"Just the facts, ma'am," was all that Sergeant Joe Friday wanted from witnesses as he carried out his detective duties on "Dragnet." And most Post readers want the same.
Some days a news story's essential five W's -- who, what, where, when and why -- are hard for readers to come by.
I am not talking about "delayed leads," where readers first have to wade through mood-setting or an anecdote before finding out what the story is all about, or the occasional sports story that stirs a fudge of color and analysis before disclosing the score. I'm talking about missing facts, period.
A few recent examples:
Two days after the election, The Post carried a long story, complete with picture, about Carol Schwartz winning an at-large seat on the D.C. Council -- without once identifying her as a Republican. A separate story, 13 pages farther back, started out with "Republican Carol Schwartz," but how about readers who didn't see both?
The same day, readers were told of a University of Virginia hospital to be built, but with one key fact unstated -- where?
The next day, there was a front- page story about Rep. Frank McCloskey (D) winning reelection in a close race. But what state? Some reader curiosity was satisfied when the next day a correction identified the state an Indiana, but some of the other omissions were not addressed.
After this flurry, the Department of Missing Essential Facts went into hibernation, but a story Nov. 13, "Ashes Believed Cause of Layhill House Fire," was replete with details about the house structure, location, damage and how the fire probably occurred, but gave no information about who lived there. And none the next day, either.

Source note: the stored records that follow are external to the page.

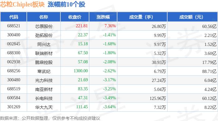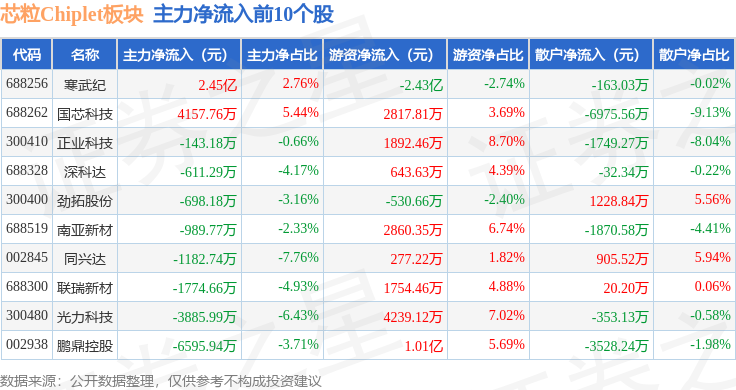 从资金流向上来看,当日芯粒Chiplet板块主力资金净流出46.05亿元,游资资金净流入9.15亿元,散户资金净流入36.9亿元。芯粒Chiplet板块个股资金流向见下表: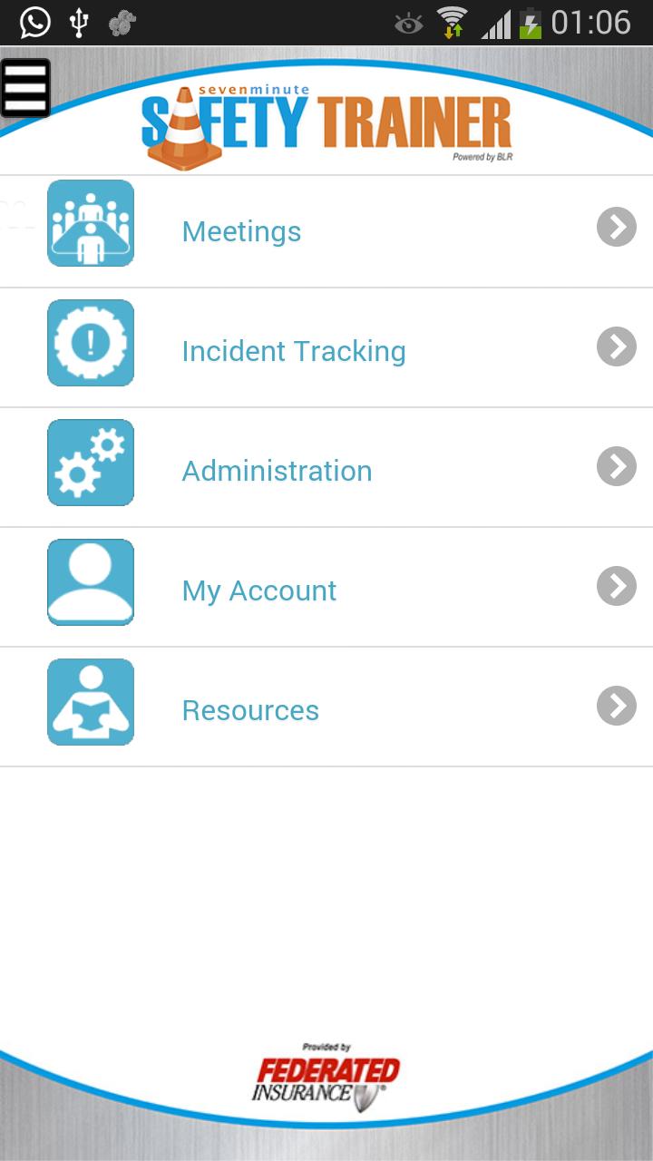 Федеративная взаимная страховая компания взволнована, чтобы предоставить мобильный инструмент для проведения безопасности на местах безопасности-семиминутного тренера по безопасности, основанного на деловых и юридических ресурсах (BLR). Это простое в использовании приложение дает вам гибкость, которую вы хотите, и хранит необходимость документации.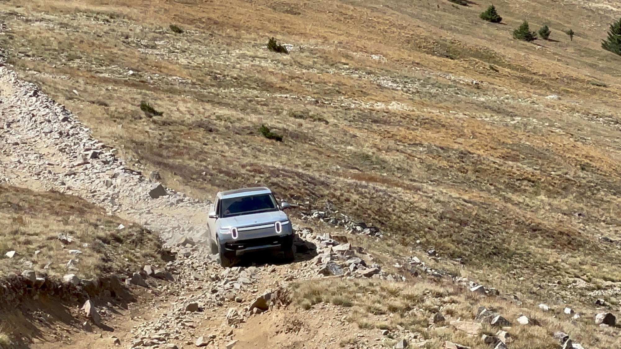 During our off-road excursion, we put the vehicle up and over steep slopes and even made a shallow ford. The ground clearance, combined with an approach angle of 34 degrees, a breakover of 25.7 and departure angle of 29.3 degrees, meant the vehicle never scraped or stuttered. There were moments when, as I prepared to drive around a particularly large boulder — the standard technique in other vehicles — a Rivian employee would encourage me to just drive over it. And I would, without the negative results.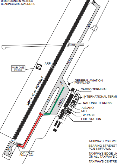 "TOM1VY, Runway 01 Taxi via E, B, A1, Caution Taxiway width"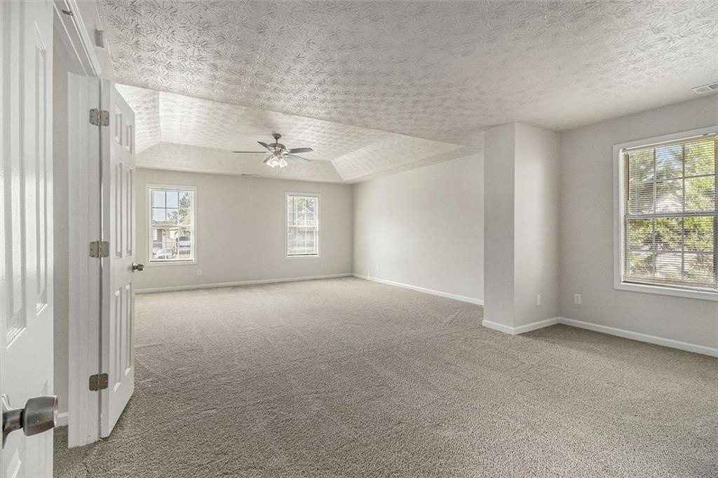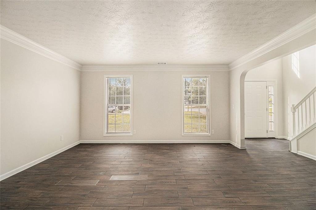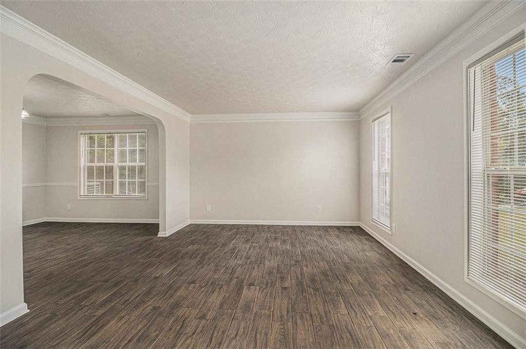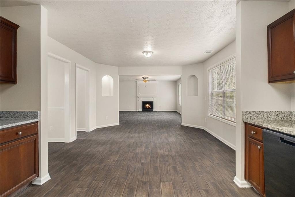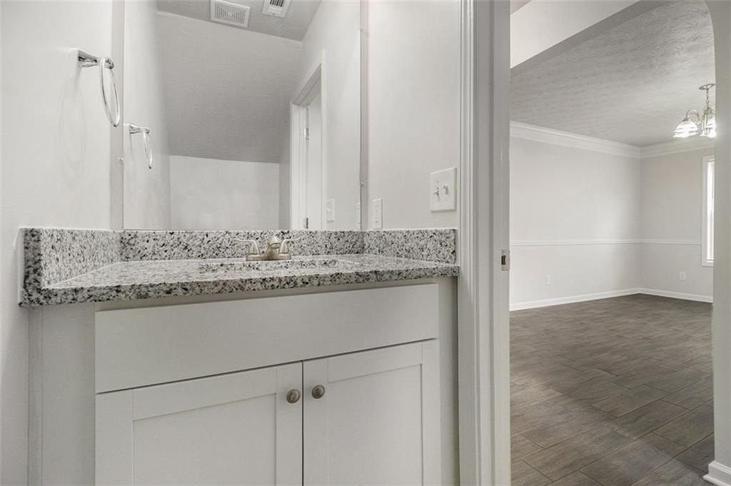 Fresh from a comprehensive update with new flooring, fresh paint, and granite countertops in kitchen, this 2,880-square-foot home on Silva Court delivers practical updates throughout. The 4-bedroom, 2.5-bath layout maximizes usable space with distinct living areas including a formal living room, separate dining room, and spacious family room with fireplace, providing flexibility for both entertaining and daily routines. The updated kitchen features granite countertops, rich wood cabinetry with walk-in pantry storage, and a generous breakfast nook with direct access to the patio and oversized backyard, creating an easy flow for indoor-outdoor living. Upstairs, the primary suite includes a walk-in closet and private bath with dual white vanities topped with granite, soaking tub, and separate shower. Three additional carpeted bedrooms share a second full bath upstairs, with the convenience of an upstairs laundry room eliminating trips between floors. The main level powder room adds functionality for guests and daily use. A two-car garage provides ample parking and storage. Recent mechanical updates provide peace of mind: the roof was replaced 8 years ago, water heater 3 years ago, and HVAC system 6 years ago, meaning major systems are already addressed. The Conley location offers quick access to both I-285 and I-675, with Hartsfield-Jackson Airport approximately 15 minutes south. Daily shopping is convenient with grocery stores and retail options along nearby Moreland Avenue and Highway 138. The established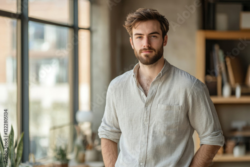 A young man with a beard, wearing a light beige shirt, stands confidently near a window in a well-lit room.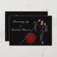 Halloween-inbjudan till bröllopsfest - Dessa inbjudningar är i en snygg svart nyans och har en rödhårig häxa på sig en lång, fladdrande svart klänning och svart hatt. Hon står bredvid sin bubblande mörkröda gryta och svart/grå kvast. Perfekt för alla Halloween-tema shower. Anpassa genom att ändra exempelvis namn till ditt eget. Du kanske vill ändra informationen för att passa andra Halloween-tema fester.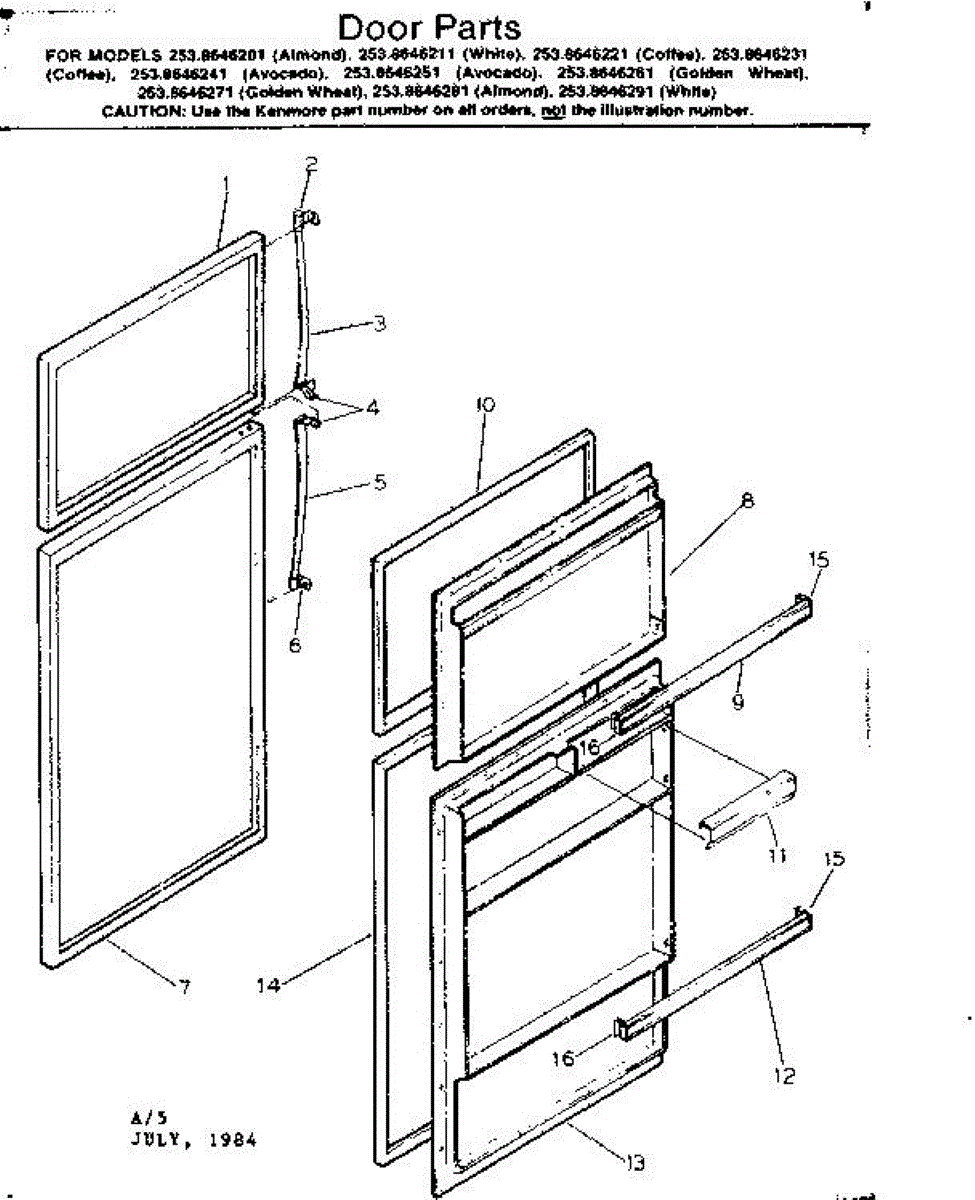 Parts for Kenmore 253.8646221 (2538646221, 253 8646221): Door Parts

Readers understand the difficulties in obtaining information in emergencies and at odd hours, but newspapers come out day after day, and blanks can be filled. Better late than never.
Readers sometimes show signs of slippage, too. A caller complained that The Post let her down in its election coverage by not alerting her during the campaign about the interest of young people in registering as Republicans and voting for President Reagan.
From The Post's files, I found a folder bulging with news stories, editorials, polls and commentaries on the subject. A few samples:
A Sept. 11 editorial, entitled "Who's Registering?" noted that "in the polls young Americans have been among the groups most heavily in support of Ronald Reagan."
A few weeks later, staff writer Bill Peterson reported from the Ohio State University campus in Columbus that "There is an unlikely new hero on campus here this fall. . . . His name is Ronald Reagan. He is 73 years old, a conservative and the very antithesis of the counterculture that dominated campuses a dozen years ago."
Two weeks later, Michael Barone, a member of the editorial page staff, did an analysis on "Why the Young Are Going for Reagan," and Oct. 28, the Outlook section devoted a half-page to two articles by college men on why the young generation was supporting Reagan.
When The Post arrives on the doorstep with words enough to fill the average hard-cover book, readers cannot be expected to note every word, but editors must wonder what more they can do to deliver signs of trends more effectively.
Photographers sometimes have similar questions. A reader called to complain that photographs taken at the Vietnam Memorial ceremonies last week did not show blacks in attendance. She had not been present, but she suspected an effort to deprive blacks of their just honors.
The Post photo assignment editor, Craig Herndon, a black himself, reacted vigorously. His photographers reported that few blacks were present and he felt it would be unethical to assign a photographer to put a black into a picture in order to satisfy a reader who suspected he was motivated by discrimination rather than professionalism. A front-page story last Sunday noted that many blacks purposely avoided the ceremonies.
Sergeant Friday had a tough job getting the facts, and so do many journalists, but some can do better -- and so can some readers.